**EXERCISE DIRECTIONS:** Any images in the records should be skipped; transcribe the rest exactly.

Collected data entries
.....

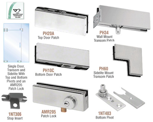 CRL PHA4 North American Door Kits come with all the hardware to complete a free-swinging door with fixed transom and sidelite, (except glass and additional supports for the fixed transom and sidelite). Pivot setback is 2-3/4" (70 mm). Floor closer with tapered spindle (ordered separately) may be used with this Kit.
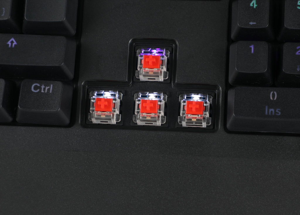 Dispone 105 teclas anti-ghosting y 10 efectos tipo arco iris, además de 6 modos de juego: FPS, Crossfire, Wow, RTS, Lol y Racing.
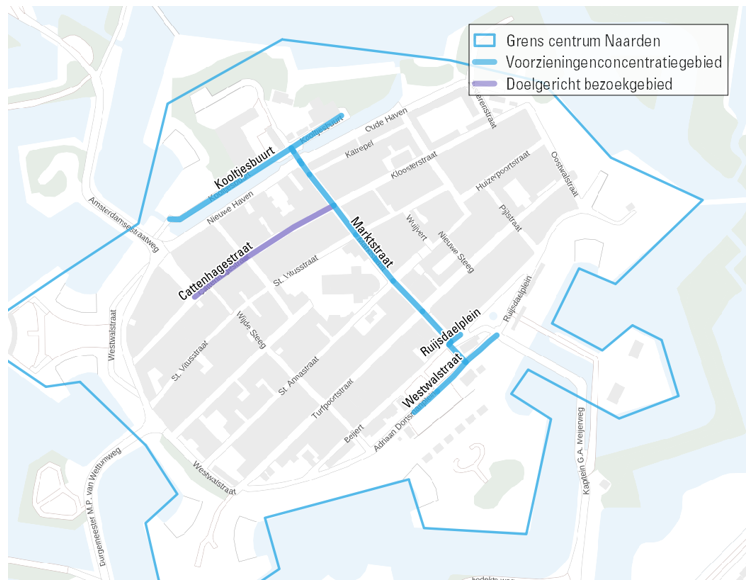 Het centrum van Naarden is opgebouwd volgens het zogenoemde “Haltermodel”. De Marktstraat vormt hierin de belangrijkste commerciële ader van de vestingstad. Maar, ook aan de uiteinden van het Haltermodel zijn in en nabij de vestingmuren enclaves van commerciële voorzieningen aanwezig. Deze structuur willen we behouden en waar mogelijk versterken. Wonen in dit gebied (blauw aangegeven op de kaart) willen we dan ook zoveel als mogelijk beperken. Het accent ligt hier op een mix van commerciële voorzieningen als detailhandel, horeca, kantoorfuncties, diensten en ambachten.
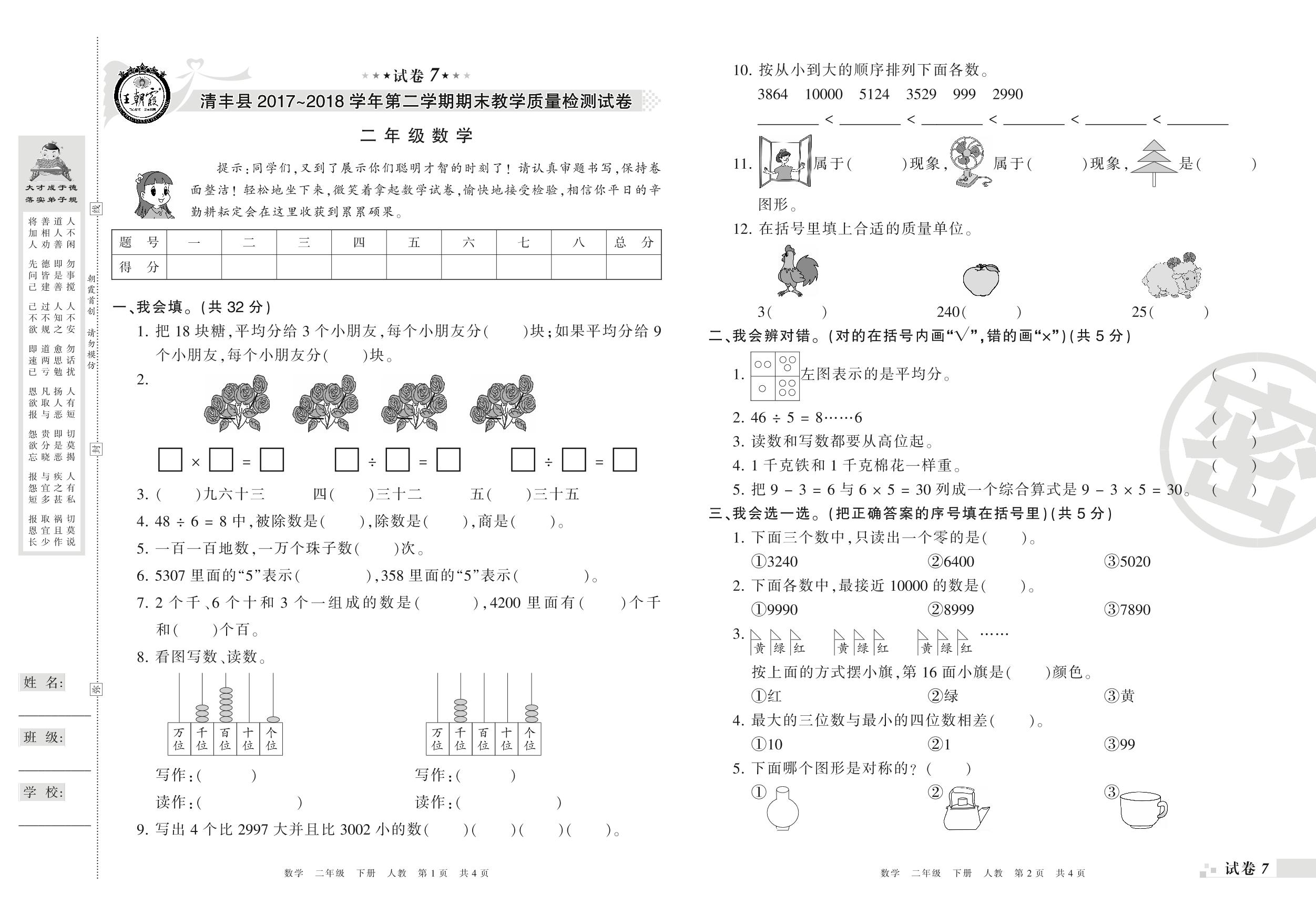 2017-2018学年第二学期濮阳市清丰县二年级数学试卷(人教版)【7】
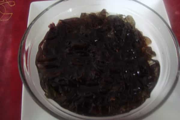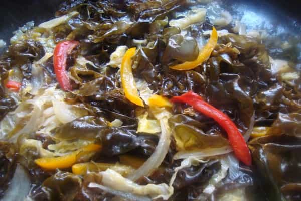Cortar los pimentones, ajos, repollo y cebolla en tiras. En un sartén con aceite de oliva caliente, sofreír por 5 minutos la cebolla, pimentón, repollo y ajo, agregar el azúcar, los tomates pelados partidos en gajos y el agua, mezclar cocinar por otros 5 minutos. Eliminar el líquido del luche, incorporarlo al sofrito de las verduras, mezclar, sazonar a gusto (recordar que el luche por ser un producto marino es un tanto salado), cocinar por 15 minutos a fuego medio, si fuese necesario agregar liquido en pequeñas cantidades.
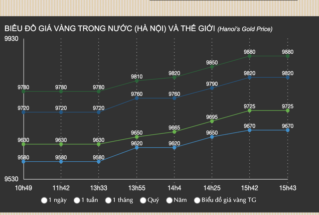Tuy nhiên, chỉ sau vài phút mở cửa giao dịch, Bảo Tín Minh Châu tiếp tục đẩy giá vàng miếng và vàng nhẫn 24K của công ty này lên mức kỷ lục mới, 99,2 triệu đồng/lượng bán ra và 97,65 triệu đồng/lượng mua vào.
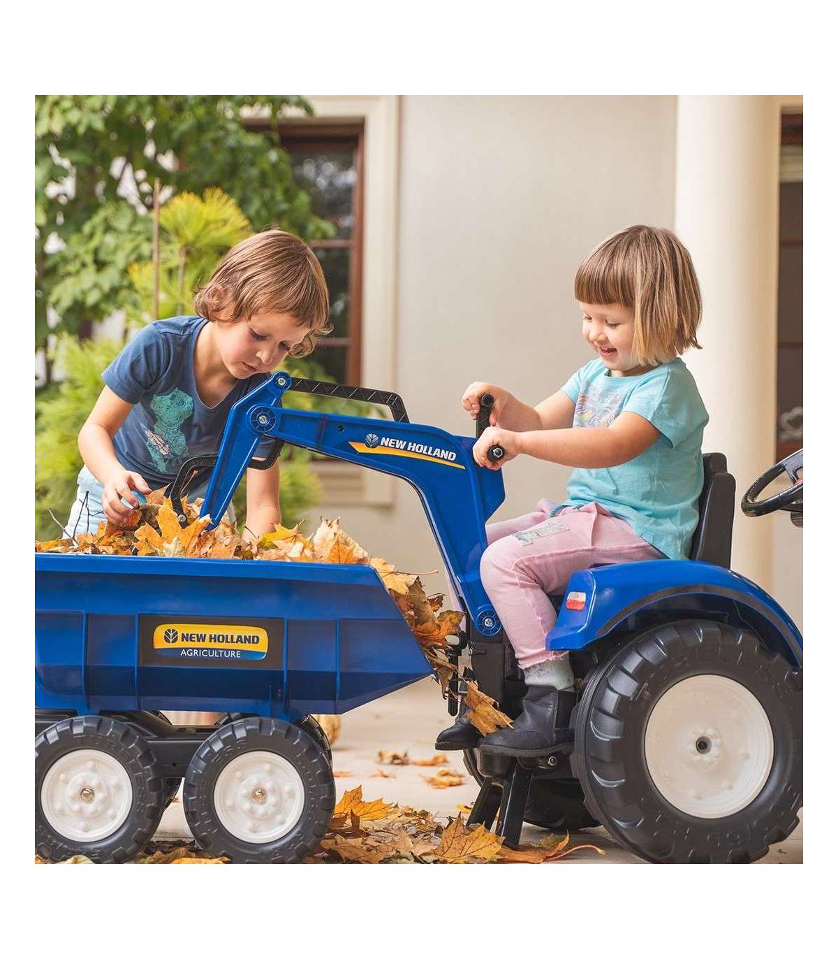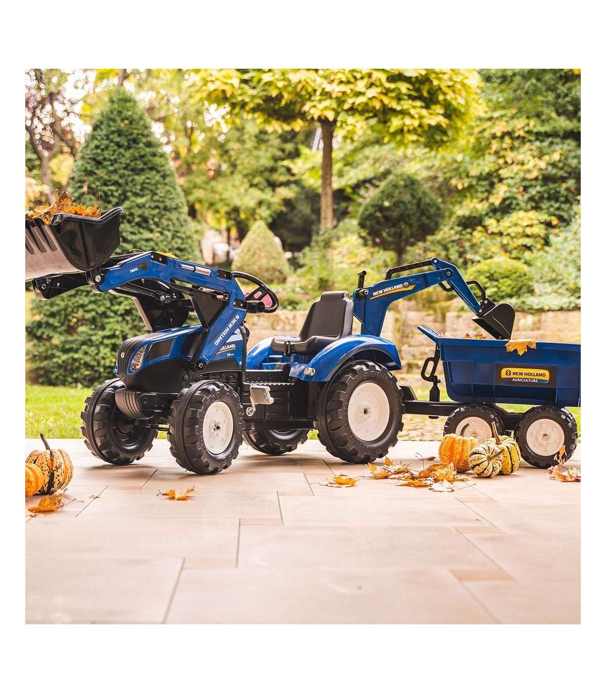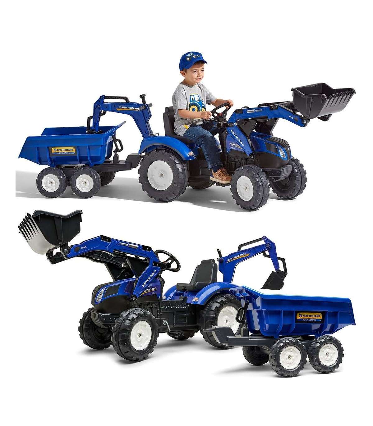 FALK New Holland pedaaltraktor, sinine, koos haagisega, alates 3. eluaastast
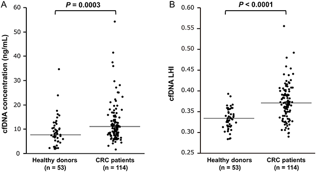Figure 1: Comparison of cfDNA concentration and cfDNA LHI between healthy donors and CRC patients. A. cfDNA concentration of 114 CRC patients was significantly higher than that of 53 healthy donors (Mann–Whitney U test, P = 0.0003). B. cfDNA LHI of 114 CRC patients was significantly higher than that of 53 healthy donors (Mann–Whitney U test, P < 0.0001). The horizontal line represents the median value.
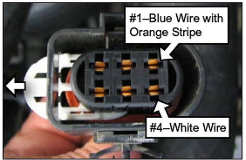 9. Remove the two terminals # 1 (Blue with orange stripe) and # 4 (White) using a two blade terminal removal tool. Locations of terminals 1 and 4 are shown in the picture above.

.....

**EXPECTED ANSWER:**
 CRL PHA4 North American Door Kits come with all the hardware to complete a free-swinging door with fixed transom and sidelite, (except glass and additional supports for the fixed transom and sidelite). Pivot setback is 2-3/4" (70 mm). Floor closer with tapered spindle (ordered separately) may be used with this Kit.
 Dispone 105 teclas anti-ghosting y 10 efectos tipo arco iris, además de 6 modos de juego: FPS, Crossfire, Wow, RTS, Lol y Racing.
 Het centrum van Naarden is opgebouwd volgens het zogenoemde “Haltermodel”. De Marktstraat vormt hierin de belangrijkste commerciële ader van de vestingstad. Maar, ook aan de uiteinden van het Haltermodel zijn in en nabij de vestingmuren enclaves van commerciële voorzieningen aanwezig. Deze structuur willen we behouden en waar mogelijk versterken. Wonen in dit gebied (blauw aangegeven op de kaart) willen we dan ook zoveel als mogelijk beperken. Het accent ligt hier op een mix van commerciële voorzieningen als detailhandel, horeca, kantoorfuncties, diensten en ambachten.
 2017-2018学年第二学期濮阳市清丰县二年级数学试卷(人教版)【7】
Cortar los pimentones, ajos, repollo y cebolla en tiras. En un sartén con aceite de oliva caliente, sofreír por 5 minutos la cebolla, pimentón, repollo y ajo, agregar el azúcar, los tomates pelados partidos en gajos y el agua, mezclar cocinar por otros 5 minutos. Eliminar el líquido del luche, incorporarlo al sofrito de las verduras, mezclar, sazonar a gusto (recordar que el luche por ser un producto marino es un tanto salado), cocinar por 15 minutos a fuego medio, si fuese necesario agregar liquido en pequeñas cantidades.
Tuy nhiên, chỉ sau vài phút mở cửa giao dịch, Bảo Tín Minh Châu tiếp tục đẩy giá vàng miếng và vàng nhẫn 24K của công ty này lên mức kỷ lục mới, 99,2 triệu đồng/lượng bán ra và 97,65 triệu đồng/lượng mua vào.
 FALK New Holland pedaaltraktor, sinine, koos haagisega, alates 3. eluaastast
Figure 1: Comparison of cfDNA concentration and cfDNA LHI between healthy donors and CRC patients. A. cfDNA concentration of 114 CRC patients was significantly higher than that of 53 healthy donors (Mann–Whitney U test, P = 0.0003). B. cfDNA LHI of 114 CRC patients was significantly higher than that of 53 healthy donors (Mann–Whitney U test, P < 0.0001). The horizontal line represents the median value.
 9. Remove the two terminals # 1 (Blue with orange stripe) and # 4 (White) using a two blade terminal removal tool. Locations of terminals 1 and 4 are shown in the picture above.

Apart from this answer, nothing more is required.